From: Takashi Iwai <tiwai@suse.de>

commit 10513142a7114d251670361ad40cba2c61403406 upstream.

As recently Smatch suggested, a couple of places in HDSP MADI driver
may expand the array directly from the user-space value with
speculation:
  sound/pci/rme9652/hdspm.c:5717 snd_hdspm_channel_info() warn: potential spectre issue 'hdspm->channel_map_out' (local cap)
  sound/pci/rme9652/hdspm.c:5734 snd_hdspm_channel_info() warn: potential spectre issue 'hdspm->channel_map_in' (local cap)

This patch puts array_index_nospec() for hardening against them.
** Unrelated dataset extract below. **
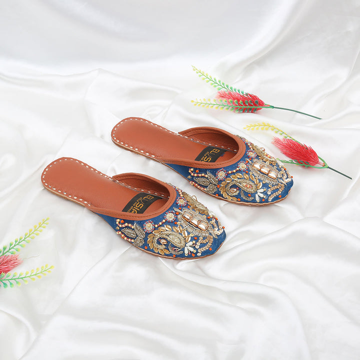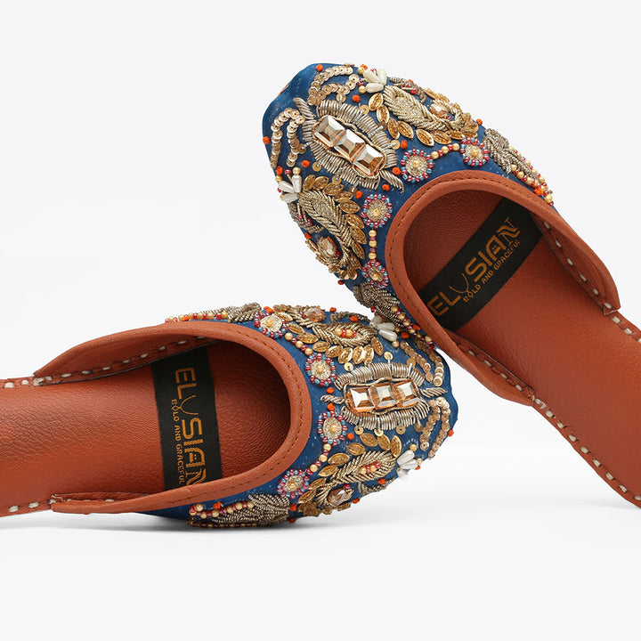 Jutti-Q1-Blue epitomizes a delightful, opulent, and classic craftsmanship crafted on a blue foundation, featuring exquisite handmade detailing. These charming creations represent the rich heritage of Pakistan, meticulously hand-sewn by skilled artisans from rural areas, showcasing the unparalleled beauty of captivating footwear.
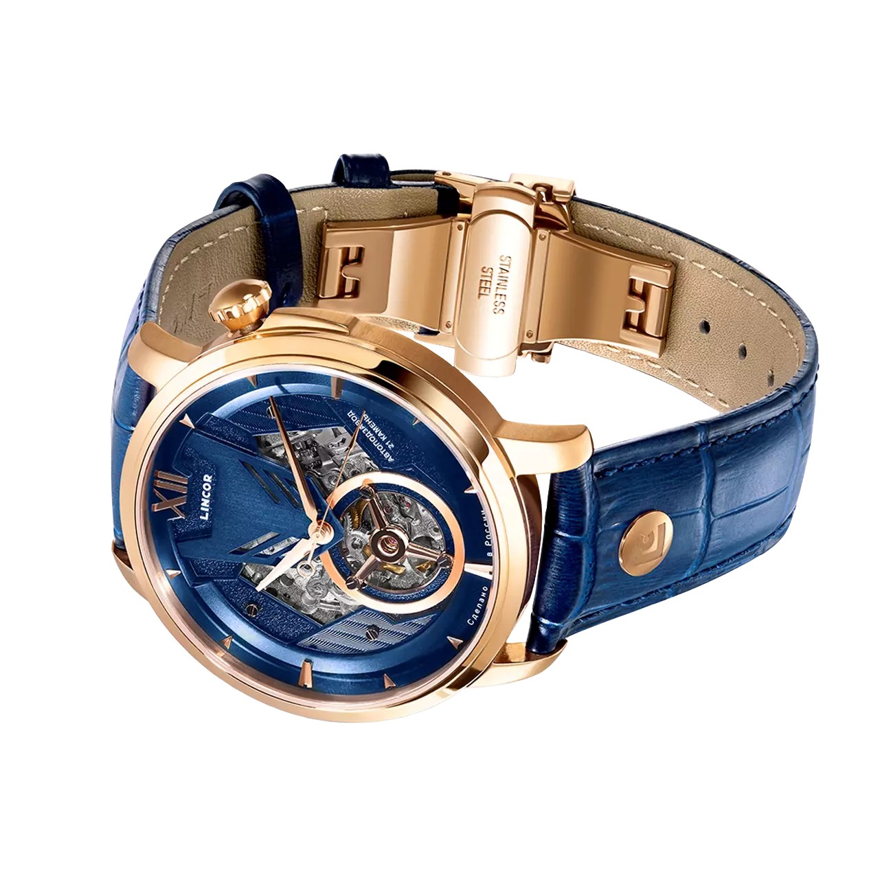 Наручные механические часы с автоподзаводом Lincor UNI 7235 синие

BugLink: https://marc.info/?l=linux-kernel&m=152411496503418&w=2
Reported-by: Dan Carpenter <dan.carpenter@oracle.com>
Cc: <stable@vger.kernel.org>
Signed-off-by: Takashi Iwai <tiwai@suse.de>
Signed-off-by: Greg Kroah-Hartman <gregkh@linuxfoundation.org>

---
 sound/pci/rme9652/hdspm.c |   24 ++++++++++++++----------
 1 file changed, 14 insertions(+), 10 deletions(-)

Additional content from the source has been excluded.